My father’s pawn on my table
March 14, 2020

Communion

These days I feel better with the television news playing even though it’s nothing but dread and pharmaceutical advertisements. I want mainstream information, the sense of something shared. I find comfort in the illusion of bodies across the nation gathered before the same broadcast rather than privately scrolling through the algorithmically tailored hysteria and moralizing of the internet.

I bought a few pieces of lumber from the hardware store, dredged my toolbox from the closet, and spent the afternoon sawing and sanding and varnishing. I needed to work with my hands today. To be reminded that I can make something that takes up space and serves a need. I built a small table to collect the overflow from my desk.

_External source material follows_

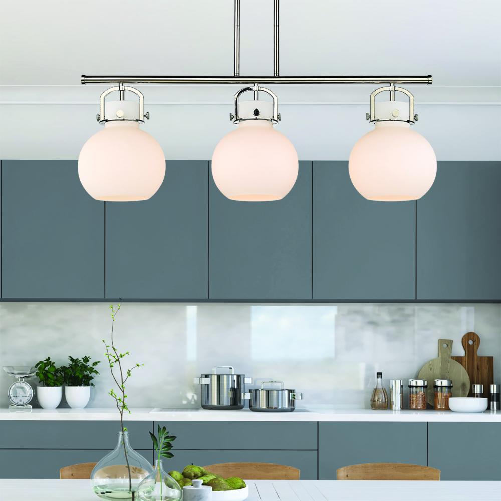 Newton Sphere - 3 Light - 42 inch - Polished Nickel - White Shade - Island Light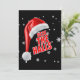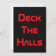This invitation features the phrase "Deck The Halls" in a Zing Rust Base print font with red coloured letters white outline under a Santa Claus Chirstmas hat with a collection of snowflakes in the background in this X-mas day style and theme. Printed on a classic, all around paper 17.5 pt thickness with an uncoated matte finish with an eggshell texture made and printed in the USA with "Deck The Halls" printed on the back.

Perhaps I’m turning into my father and grandfather, men who retreated into their garages to build wooden vases and boxes in times of distress. So many half-finished widgets littered their workbenches after they died, their function and intentions unknown. I thought about them both as I worked, wondering what they would make of these pandemic days.

After I finished my table, I found the pawn my father carved five years ago to replace the one we’d lost from our set. We’d gotten into the habit of playing chess each night at the hospital while we waited for his new lung. He whittled the thing quickly and I can still see the blade coming dangerously close to his oxygen tubes. This pawn is one of my most cherished possessions. I set it on my new table, a small gesture of the communion I craved.


Flying Saucer Attack – Instrumental Wish

From Distance | Domino, 1994 | Spotify

A much-needed moment of quiet communion, this is one of the songs I’ve played the most over the past two decades. And more than ever these days.

Each night in 2020 I'm writing a short post for a series called Notes From the End of a World because I want to etch these days into my memory before I forget them. Before the world changes completely.